● **Problem to work on**:
Each line of the data that includes "living" must be copied.
**** Exercise input
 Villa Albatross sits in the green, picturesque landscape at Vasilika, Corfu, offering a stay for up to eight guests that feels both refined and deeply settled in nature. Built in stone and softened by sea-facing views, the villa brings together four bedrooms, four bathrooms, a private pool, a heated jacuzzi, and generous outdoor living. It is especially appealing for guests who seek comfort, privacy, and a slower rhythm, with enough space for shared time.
********
**** Exercise input
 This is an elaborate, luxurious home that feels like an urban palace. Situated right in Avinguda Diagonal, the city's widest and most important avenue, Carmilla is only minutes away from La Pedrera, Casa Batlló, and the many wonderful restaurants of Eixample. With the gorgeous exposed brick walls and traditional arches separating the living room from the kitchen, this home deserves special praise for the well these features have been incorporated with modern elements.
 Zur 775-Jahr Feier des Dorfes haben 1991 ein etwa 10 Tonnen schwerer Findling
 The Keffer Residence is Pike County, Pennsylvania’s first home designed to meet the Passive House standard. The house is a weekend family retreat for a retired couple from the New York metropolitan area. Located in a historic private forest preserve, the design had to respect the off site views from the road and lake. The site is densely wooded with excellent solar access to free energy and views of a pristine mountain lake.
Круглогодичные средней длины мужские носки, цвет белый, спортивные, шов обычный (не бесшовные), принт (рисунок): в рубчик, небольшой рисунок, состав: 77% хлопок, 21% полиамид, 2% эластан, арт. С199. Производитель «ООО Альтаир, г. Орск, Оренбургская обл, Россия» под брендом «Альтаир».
********
**** Exercise input
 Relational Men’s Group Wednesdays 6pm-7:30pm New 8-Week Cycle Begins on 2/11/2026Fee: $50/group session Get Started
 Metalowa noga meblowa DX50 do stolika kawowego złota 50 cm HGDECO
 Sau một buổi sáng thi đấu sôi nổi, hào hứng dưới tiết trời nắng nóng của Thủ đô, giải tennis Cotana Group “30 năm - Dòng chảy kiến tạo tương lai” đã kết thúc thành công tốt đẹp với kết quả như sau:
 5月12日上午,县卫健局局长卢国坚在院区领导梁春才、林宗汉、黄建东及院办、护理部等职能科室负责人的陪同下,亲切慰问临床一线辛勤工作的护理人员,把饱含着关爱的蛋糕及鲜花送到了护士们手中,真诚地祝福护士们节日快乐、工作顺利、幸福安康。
********
● **Solved problem**:
 Villa Albatross sits in the green, picturesque landscape at Vasilika, Corfu, offering a stay for up to eight guests that feels both refined and deeply settled in nature. Built in stone and softened by sea-facing views, the villa brings together four bedrooms, four bathrooms, a private pool, a heated jacuzzi, and generous outdoor living. It is especially appealing for guests who seek comfort, privacy, and a slower rhythm, with enough space for shared time.
 This is an elaborate, luxurious home that feels like an urban palace. Situated right in Avinguda Diagonal, the city's widest and most important avenue, Carmilla is only minutes away from La Pedrera, Casa Batlló, and the many wonderful restaurants of Eixample. With the gorgeous exposed brick walls and traditional arches separating the living room from the kitchen, this home deserves special praise for the well these features have been incorporated with modern elements.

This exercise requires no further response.